Basically a weak learner is a learner that must have an error rate that is less than 50% for any possible probability distribution over the samples.

So the boosting algorithm is:

  1. Given training set $X$, $Y$ which is a binary classification problem. Note that $y \in Y$ is in the set ${ -1, 1}$.
  2. repeat for iteration $t$ until $T$
    1. construct probability distribution $D_t$. This is the distribution we will use to sample to train the weak learner.
    2. find a weak learner classifier $h_t(x)$ by drawing from $D_t$ with small error $P_D(h_t(x_i) = y_i)$
  3. Output $H_{final}$.

We need to construct $D_t$ iteratively. $D_1$ is a uniform distribution. Then

$$D_{t + 1}(i) = \frac{D_{t}(i) \exp{(-\alpha_t y_i h_t(x_i))}}{z_t}$$

where

$$\alpha_t = \frac{1}{2}\ln{\frac{1 - \epsilon_t}{\epsilon_t}}$$

and

$$D_1 = \frac{1}{n} \ \text{where} \ n = |X|$$

Note that $h_t(x_i)$ and $y_i$ can either be $1$ or $-1$ so the expression $y_i h_t(x_i)$ is $1$ if the weak learner was right for $x_i$ and $-1$ if the weak learner was wrong for $x_i$. And $\alpha_t$ is always a positive number.

So if a weak learner is correct for sample $i$, the probability of selecting that sample in the next iteration $D_{t+1}(i)$ can either stay the same or decrease. It will stay the same only if all of the other samples in were correctly classified.

This happens because:

$$z_t = \sum_i{D_{t}(i) \exp{(-\alpha_t y_i h_t(x_i))}}$$

So if all of the samples agree, the $\exp{(-\alpha_t y_i h_t(x_i))}$ term cancels out and the probabilities remain the same.

If any samples were not correctly classified, then $D_{t + 1}(i)$ will decrease.

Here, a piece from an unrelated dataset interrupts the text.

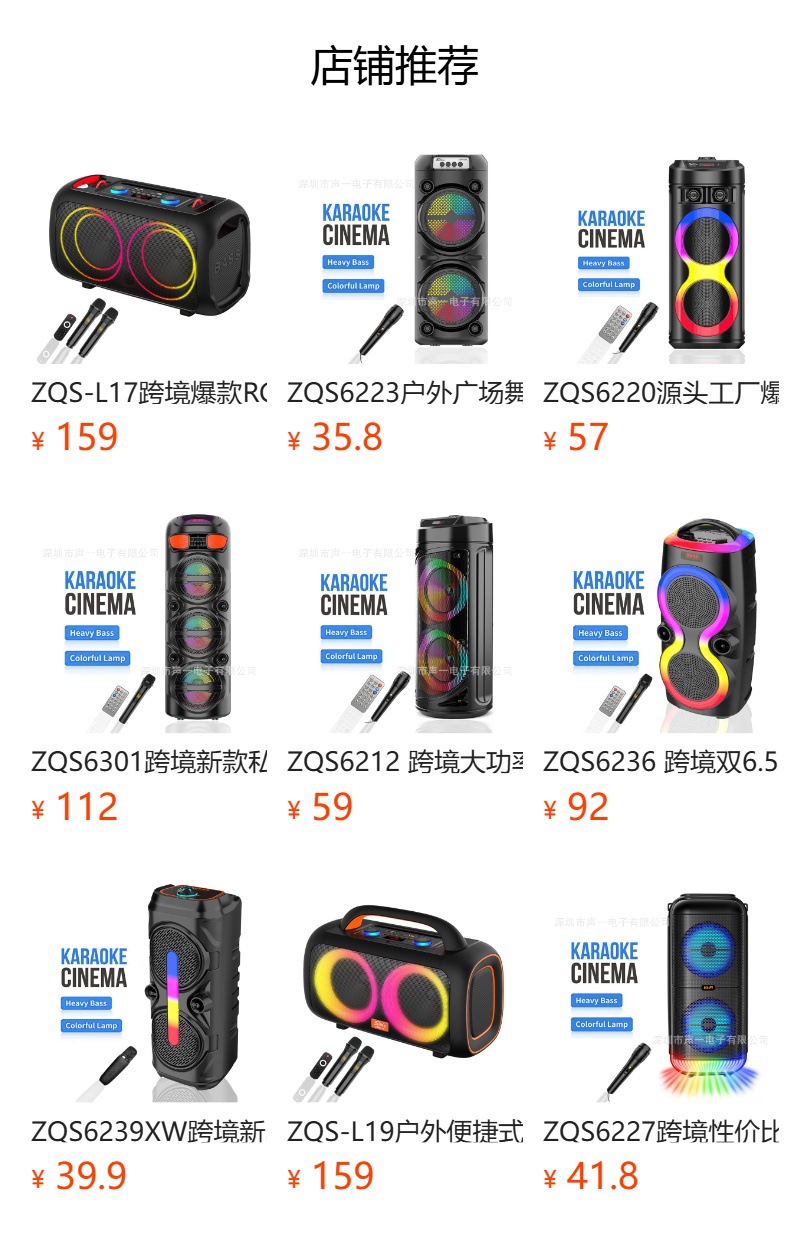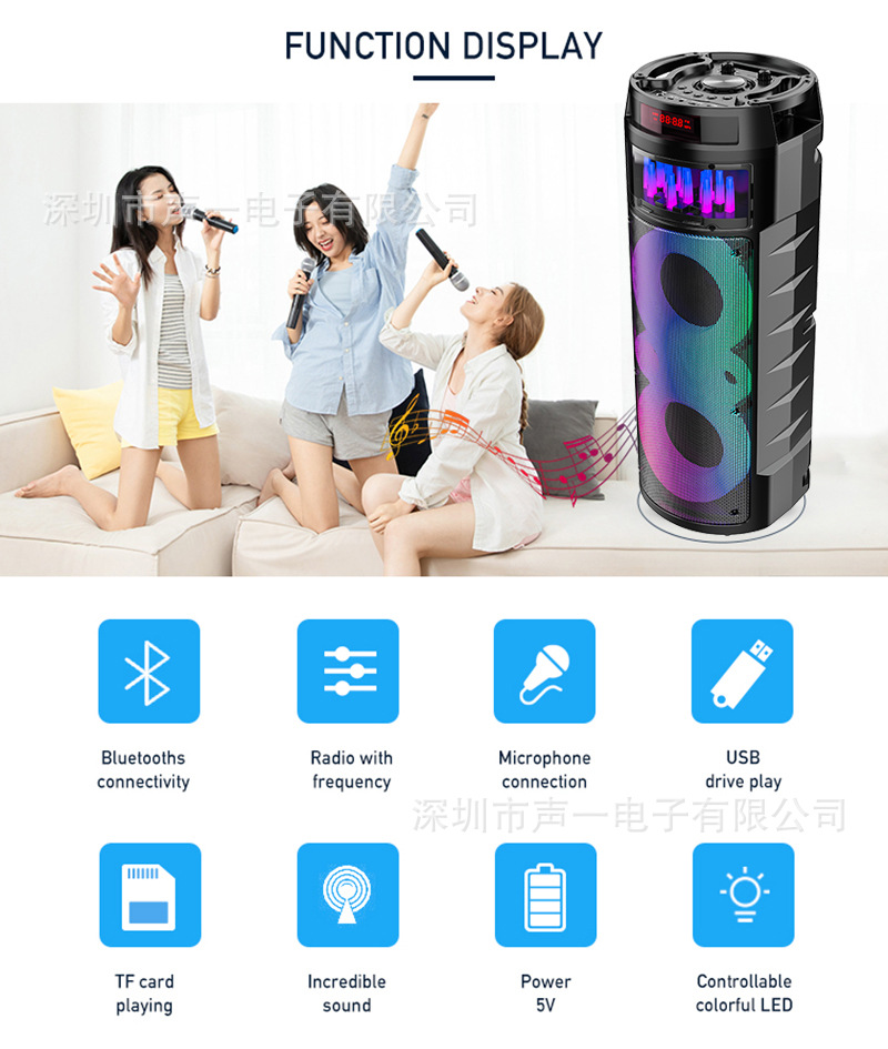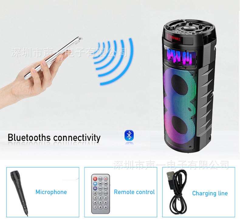Equipped with BT/USB/TF/FM/AUX/MIC, DC-5V charging (Type-C charging stand), display screen/remote control (both display screen and receiver head are equipped with motherboard), dual power amplifier+tweeter, with lithium battery protection, USB with 5V boost, box to box function, potentiometer volume, with phantom and phantom controlled by MODE
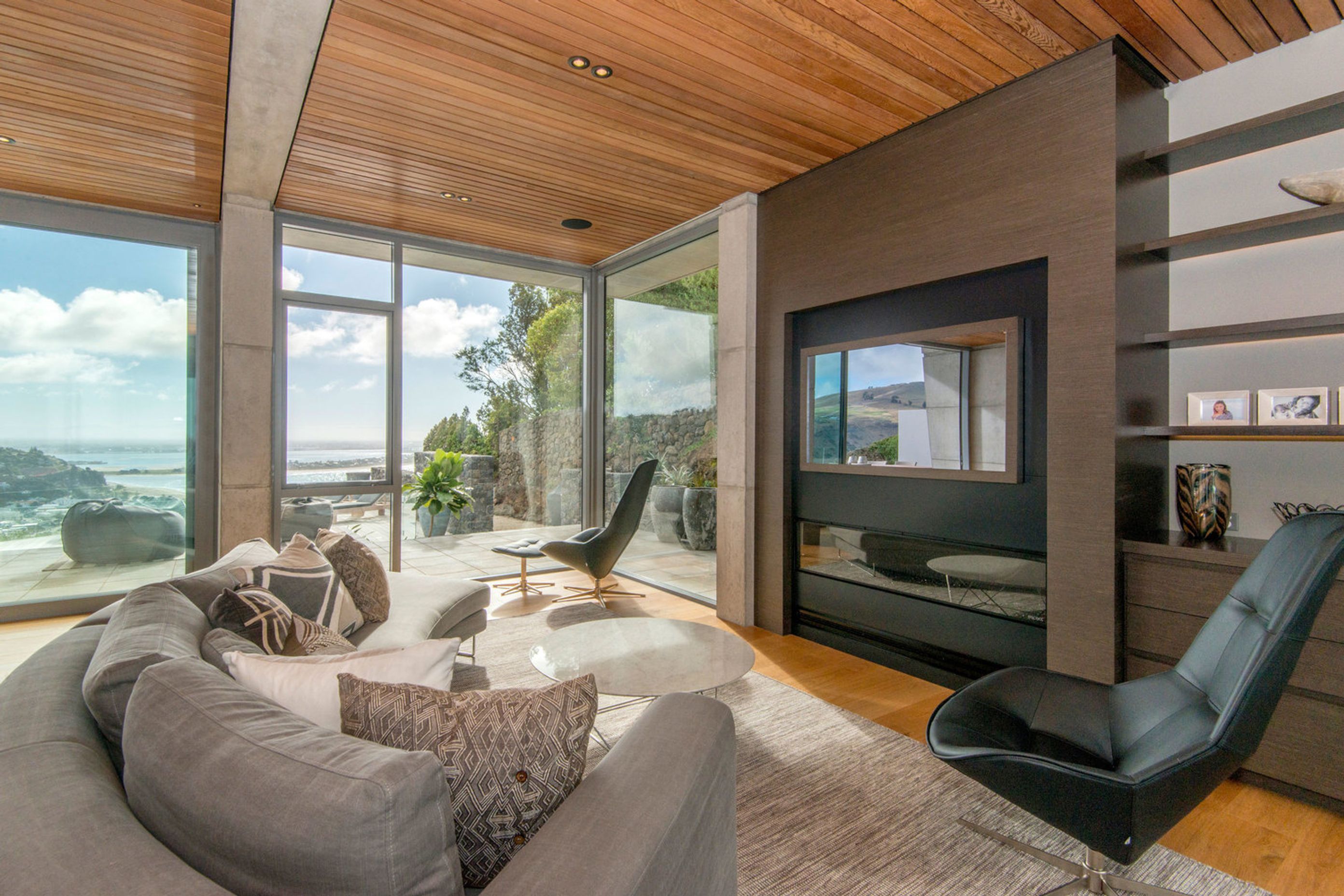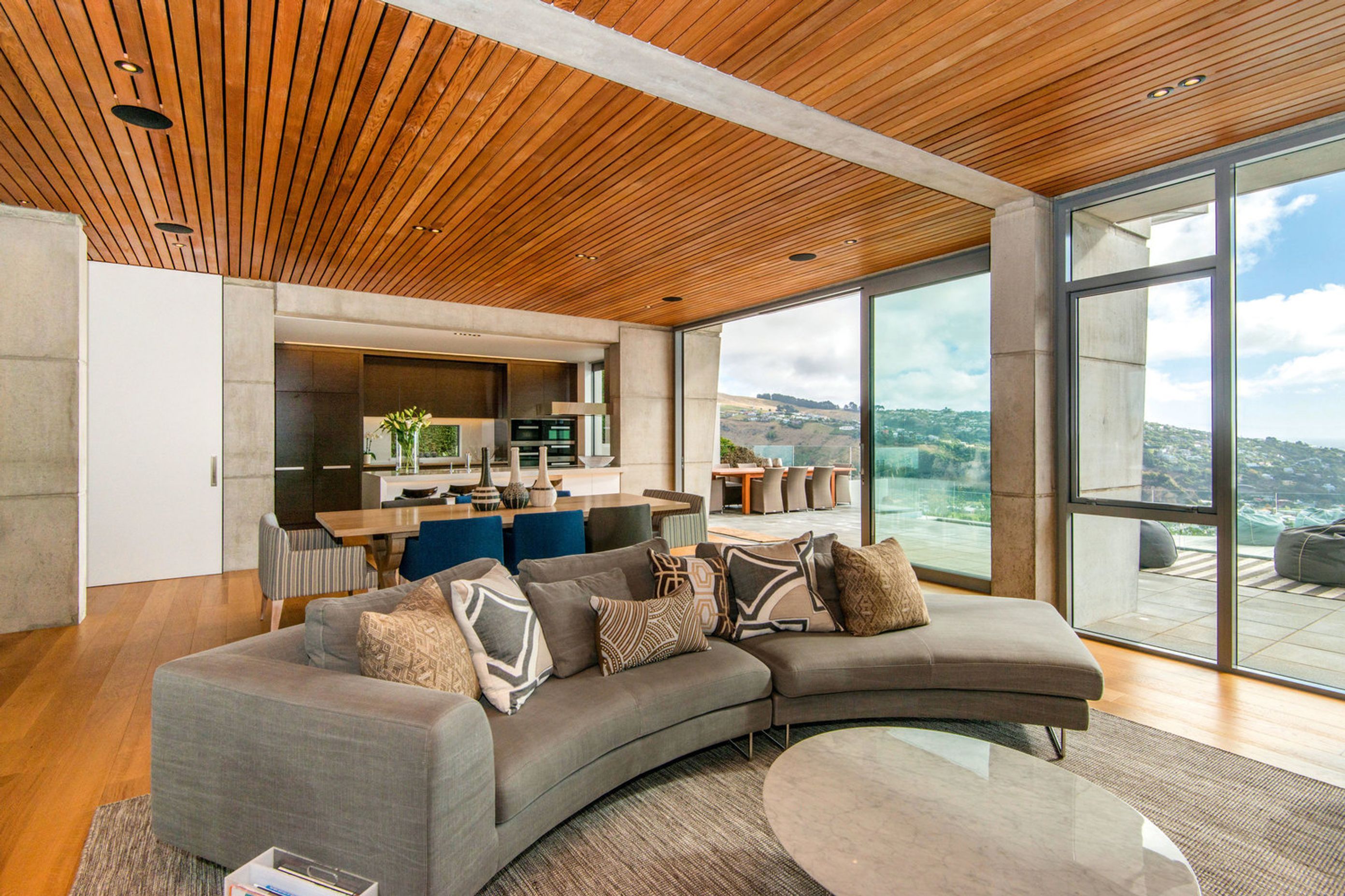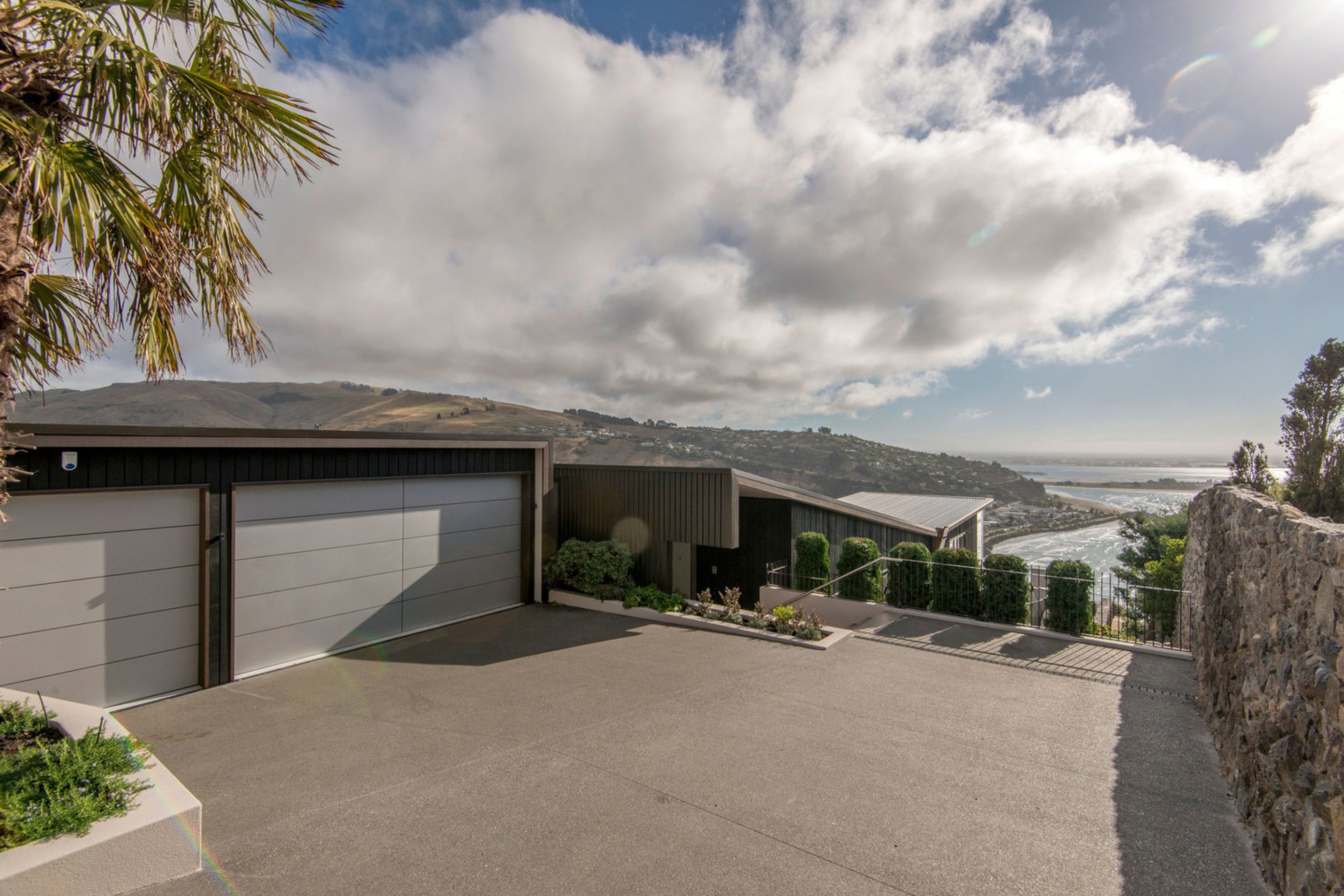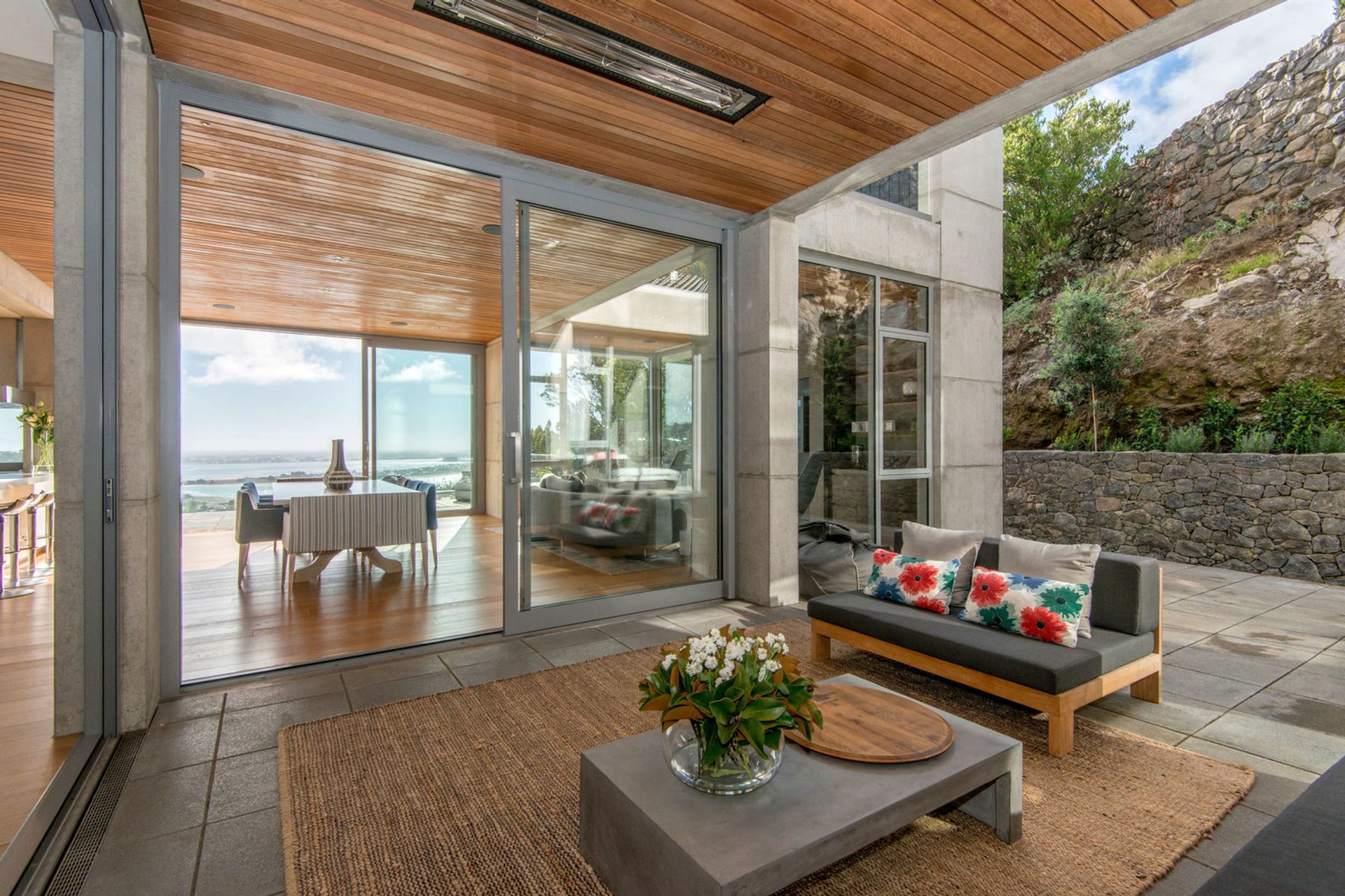 ArchiPro Project Summary - Award-winning Scarborough Residence designed for family living, featuring robust in-situ concrete and structural steel, stunning views of Sumner and the mountains, and thoughtfully designed outdoor spaces.

This makes sense since the next iteration wants to sample the "hardest" samples and we have already found a learner than can classify $i$.

If a weak learner is wrong for sample $i$, the probability of selecting that sample in the next iteration $D_{t+1}(i)$ either stays the same (if all of the samples were incorrectly classified) or increase (if any samples were correctly classified).

Then:

$$H_{final}(x) = sigm{(\sum_{t}{\alpha_{t} h_{t}(x)})}$$

So we weight each of the weak learners by how much error it has. $\lim_{\epsilon_t \to 0}{alpha_t} = \infty$ and $\lim_{\epsilon_t \to 1}{alpha_t} = \frac{1}{2}$.

Support Vector Machines

Support vector machines (SVM) are a class of machine learning classification algorithms which attempts to find the "best" hyperplane to classify linearly separable data.

Consider the data below:

|
|         x  x
|   o            x
|  o  o        x
|    o
 -----------------------

Since this data is, clearly, linearly separable we could use a perceptron to find a line (or hyperplane in the n-dimensional case) that classifies the points. However, the perceptron algorithm makes no guarantees about which dividing hyperplane it will select based on some training data.

|
|        |x  x
|   o    |       x
|  o  o  |     x
|    o   |
 -----------------------

and

|
|     \   x  x
|   o   \        x
|  o  o   \    x
|    o      \
 -----------------------

are both completely valid hyperplanes to separate the training data. However, intuitively, it's easy to understand that not all hyperplanes are created equal. A hyperplane which is "too close" to one class of data adds an overfitting bias to the algorithm since it adds additional constraints based on the training data. So the "best" hyperplane is the hyperplane that is farthest away from any of the training data.

So the SVM algorithm attempts to find a hyperplane that separates classes of the training data while also maximizing the distance between the hyperplane and the training data points.

So consider the equation of a hyperplane:

$$y = W^{T}x + b$$

where $y$ is the classification label (either -1 or 1), $W$ are the parameters of the hyperplane, and $x$ is a feature sample.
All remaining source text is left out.